Bits are a convenient, neutral, way to represent a variety of different entities, be it a sound, a quantity, and image, a process. A bit is a bit, per sé it has no meaning whatsoever: 01000001 is a string of 8 bits that happens to be the code for the letter A in ASCII, but it may well represent the number 65 in binary code or it might represent a quite light shade of grey in a photo. Depending on the way you are “looking” at them they might mean one thing or another. They don’t have an autonomous life, actually, they come to life if you have a decoder able to interpret a coded meaning.
This same decoder can transform that meaning into an action that acts on the physical world, the world of atoms. In this way we can say that bits affect atoms or are transformed into atoms, as it is the case when we use a virtual representation of an object to create that physical object using a 3D printer.
These few concepts are important when we want to appreciate the “data economy”. Bits are the immediate representation of data but unless we are dealing with a representation of numbers, like 1-2-3, where the coding is straightforward, 001-010-011, the bits have to be interpreted by a software to release their meaning. And the software is as important as the bits.

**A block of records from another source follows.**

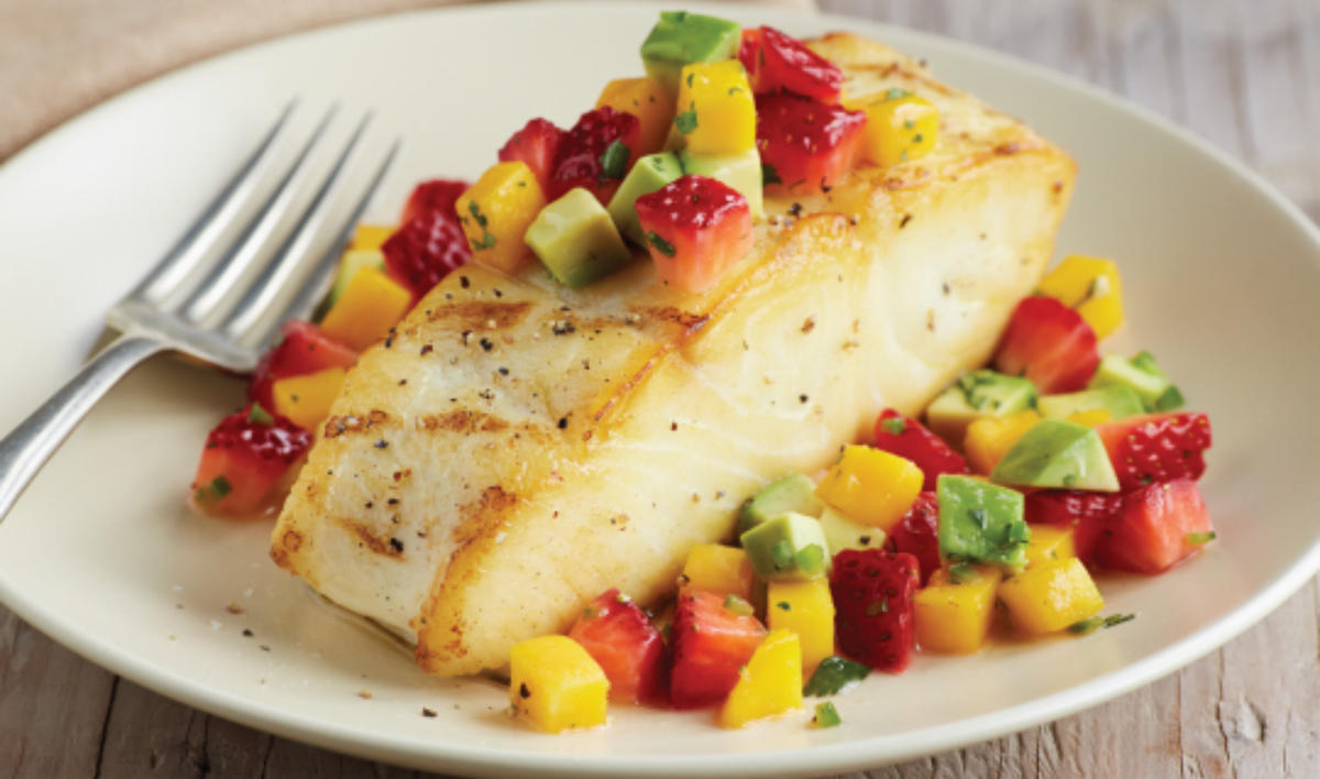 Grill fillets for 4-5 minutes, skin side up with grill lid closed. Then turn fillets over gently, and grill for an additional 3-5 minute or until fillets are cooked through. Place fillets on serving plates, then garnish fillets with fresh lime juice. Stir the strawberry-mango salsa gently and garnish fillets with the salsa.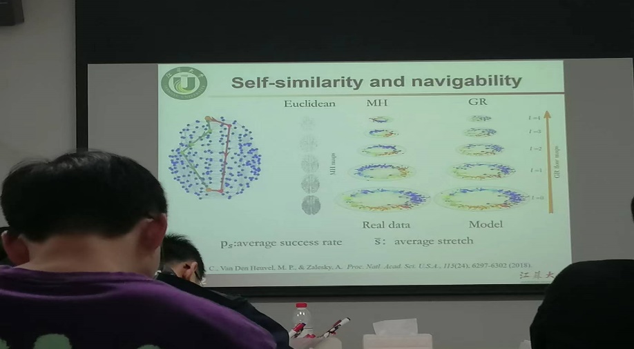 2023年4月21日下午15:00,江苏大学的郑木华教授在科技楼B604会议室做了题目为“self-similar transformation of complex network and is applications”的报告。郑木华教授分享了一个框架来研究不同分辨率的复杂网络中的对称性问题,以及证明了GR模型在按比例缩小的网络中产生了网络的多尺度展开,可用于预测人类连接体的多尺度自相似特性。同时提出了几何分支生长(GBG)模型的逆重整化变换,用于预测真实网络演化中的自相似分支生长,并解释观察到的对称性。讲座由系统科学学院樊京芳老师主持,现场有系统科学学院近20位师生参与了讨论。
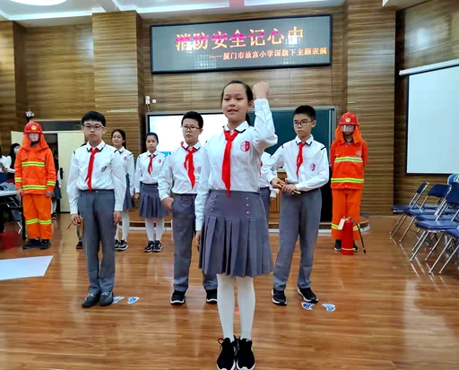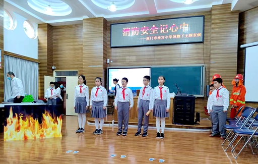 11月8日周一,由六年(3)班的学生带来的《最美“逆行者”》消防日主题表演,用悠扬的童声呼唤对消防员的热爱、用老少皆宜的“对诵”形式,倡议消防安全知识。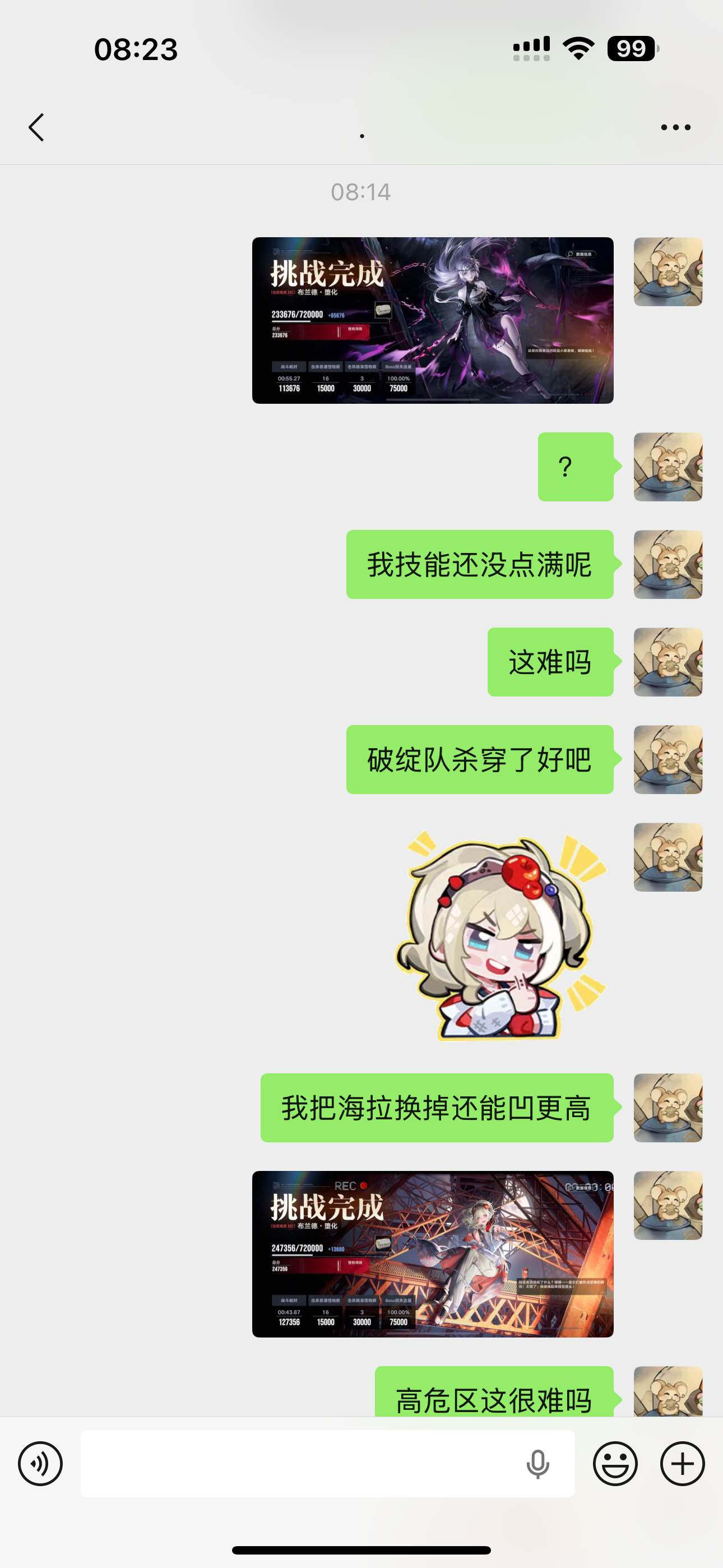 高危区很难嘛,我看我玩了两年的朋友昨天凹了一晚上高危,她现在睡着了,要是再晚点睡可能真睡不着了,入坑第12天,今天第三周刚进高危,毕安卡杀穿了好不好,如果后面两关也顺利的话,我感觉我凹一凹下周能进暗域了

Hence the data economy is not just about bits (data) but also about their interpretation (software).
The “economy” part, i.e. the value, is connected to what you can do with those data, the value resulting from their manipulation and transformation (e.g. the printing of an object, or the visualization of a trend) minus the cost of such manipulation.

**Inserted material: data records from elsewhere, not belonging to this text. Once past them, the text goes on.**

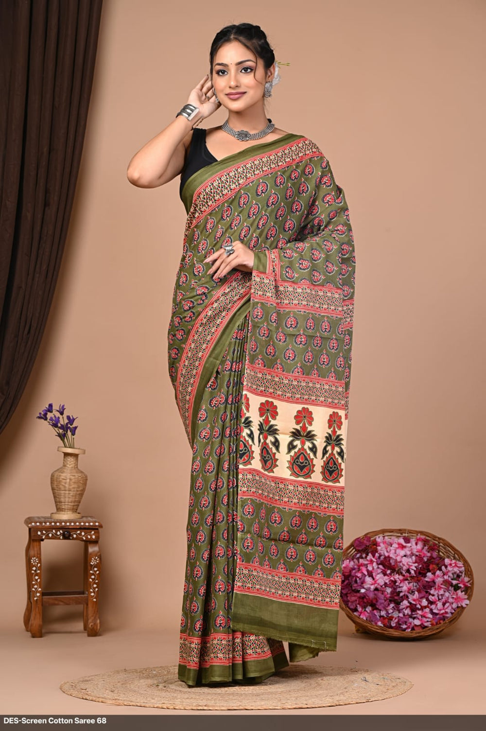 Upgrade your wardrobe with this elegant Cotton Mulmul Printed Saree 🌸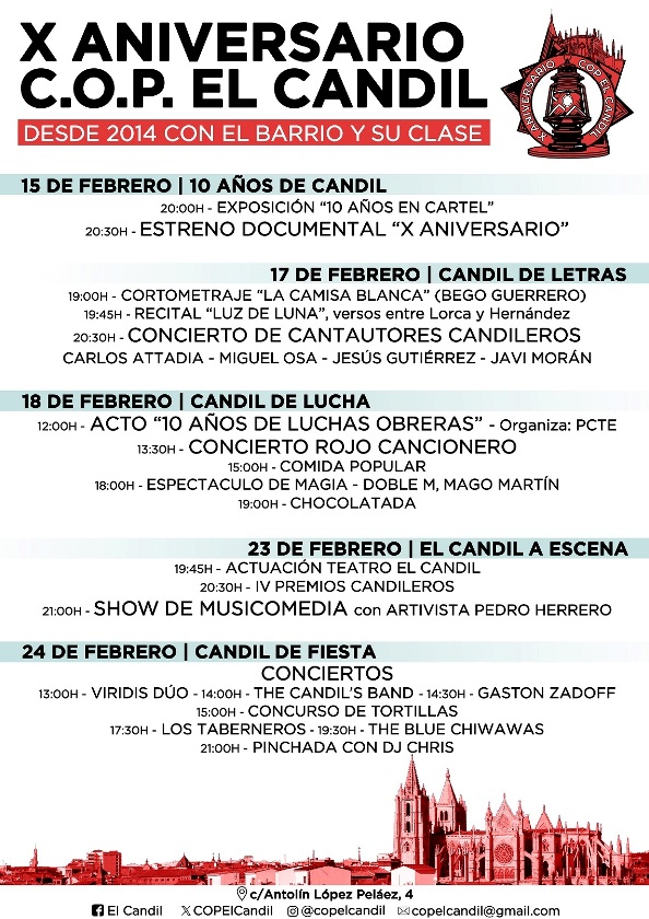 Exposiciones, documentales y cortometrajes, teatro y música en directo. Es la propuesta de la asociación del Centro Obrero y Popular El Candil para celebrar, entre el 15 y el 24 de febrero, una década en el barrio leonés de El Ejido. Un amplio programa de cultura, ocio y política que refleja la actividad que ha desarrollado en su local de la calle Antolín López Peláez a lo largo de estos diez años.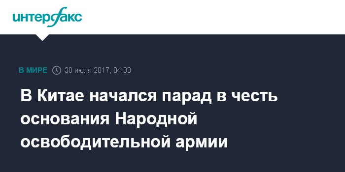 Москва. 30 июля. INTERFAX.RU - Первый с 1949 года парад в честь дня основания Народной освободительной армии Китая начался в на тренировочной базе в провинции Внутренняя Монголия, сообщило в воскресенье агентство "Синьхуа".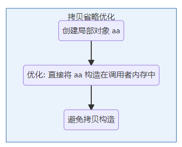 的内存中构造返回的局部对象,避免中间的拷贝过程。这种优化通过 拷贝省略 完成。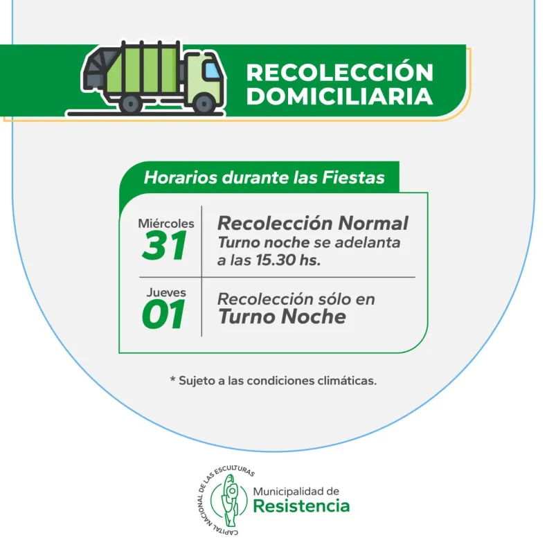 Desde la Municipalidad de Resistencia informaron a los vecinos de la ciudad cómo será el servicio de recolección de residuos en los próximos días, teniendo en cuenta las celebraciones y asuetos definidos por la celebración de Año Nuevo.

Hence the transformation process plays a crucial part in the definition of the “data economy”.
Technology has made significant progress in making ever more sophisticated transformation possible.
3D printing is a clear point in case, where bits describe a virtual object that is converted into a physical one by a software driving a 3D printer. Notice that such a software needs to decode the meaning of the bits (understand the virtual representation), transform this understanding into a sequence of commands for the 3D printer (that prints without knowing what it is being printed!) and also should be aware of the characteristics of the 3D printer and of the feeding inks used (plastic wire, metallic beads …) to provide the appropriate sequence of orders. AS you can see, even in the case of 3D printing the transformation of bits into atoms is not that straightforward.
Robotic manufacturing is another, more complex, example of transformation of bits into atoms.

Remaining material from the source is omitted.